With all the current fad in Machine Learning tending towards Deep Learning relying on sheer computational machinery to do analytics, there is something elegant about Causal Inference. Forcing Data Scientists to commit their assumptions about the data by drawing graphs about causal effects lends a certain transparency to the insights. It is relevant to policy makers, business leaders who are left to ponder the question “Now that I have the data, how do I see the impact of my policies?”
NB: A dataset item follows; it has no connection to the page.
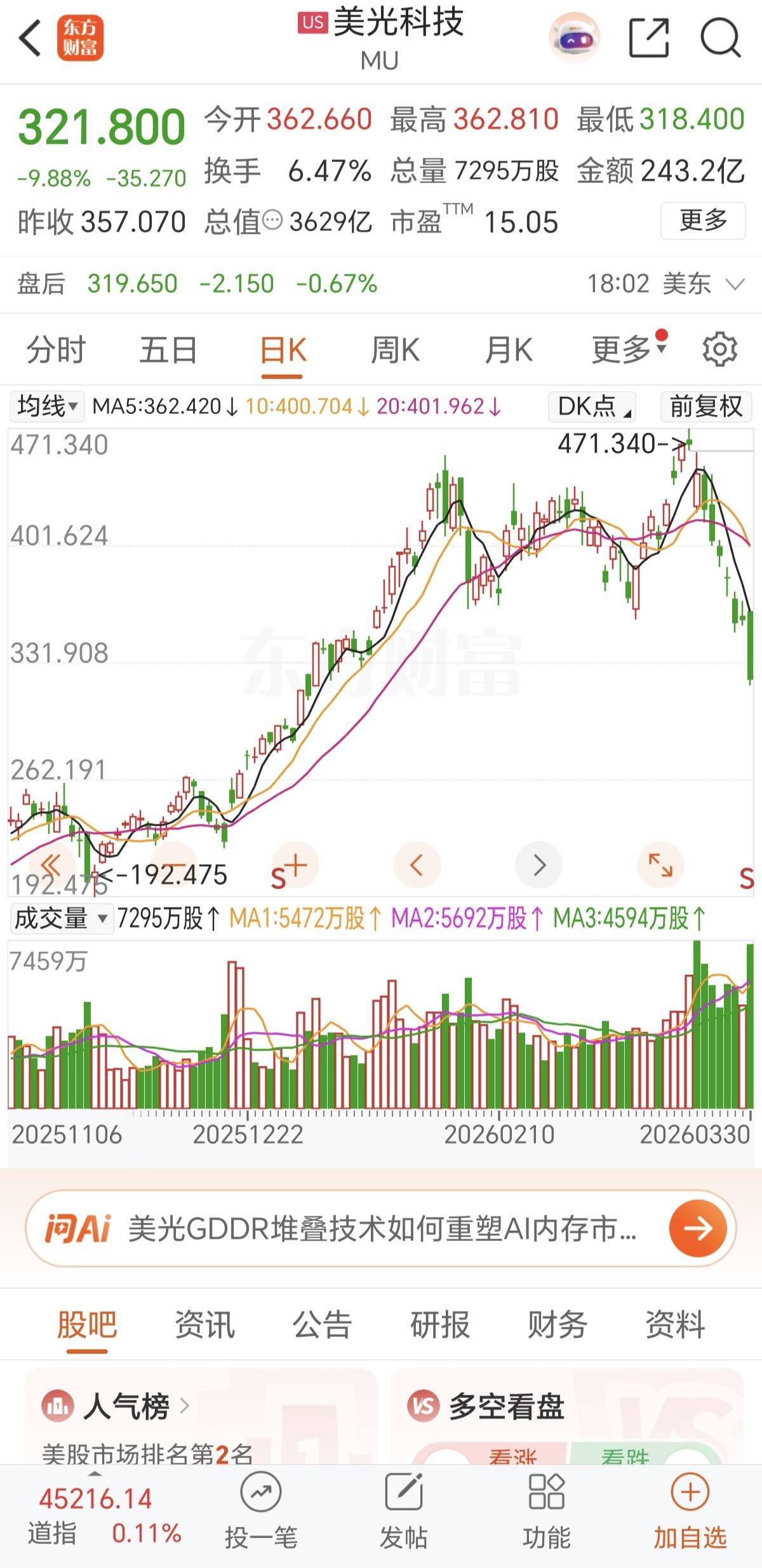 3.31周二 存储芯片利空,美光大跌10% 3.30晚间,美股存储芯片龙头,

We at Project Emer2gent are passionate about turning data to insights about the Covid 19 situation – for the society and businesses at large. To that end, we are scouting for open source data sets. Kaggle, Johns Hopkins dataset etc.. One pretty cool data that we came across is the Oxford Covid 19 Government Response Tracker (https://www.bsg.ox.ac.uk/news/worlds-first-covid-19-government-response-tracker-launched-today). The data records confirmed cases, along with counter measures launched by Governments along with a neat Stringency Index which enables comparing different country responses, if only approximately.

This is exactly the starting point for any kind of causal analysis. Consider the question – Now that we have different measures in place for different countries, how do we check for effectiveness of the measures? A good playing ground for causal inference. Quite curiously, as has been pointed out (https://projecteuclid.org/euclid.ss/1009212409), causal models and inference have been effectively applied in the past for epidemiology.
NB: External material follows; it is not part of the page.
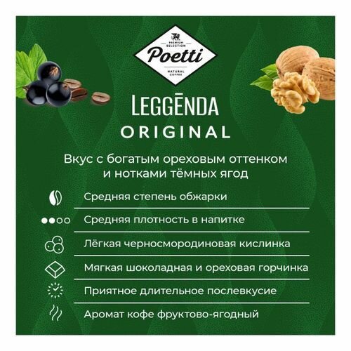 Кофе натуральный жареный в зернах Poetti Leggenda Original 250 гр

Considering the data Government Response Tracker, the following fact it quickly becomes clear- till now, only a few nations (China, South Korea) have managed to ride out the S-curve (see the number of infections in China beginning from Jan 1, maxing out at about 80000, see figure below). Going forward, I will be using data for China for following analysis, due to the number of data points.

Consider the different countermeasures put by the Chinese Government in place (the step change denotes introduction of new measures)

Now, assessment of effectiveness of different measures using causal inference necessitates a causal graph. I am going to derive one. I am hardly an epidemiologist. In fact, I would be thankful for any insights / critique here from those of you who are better informed in this topic than I.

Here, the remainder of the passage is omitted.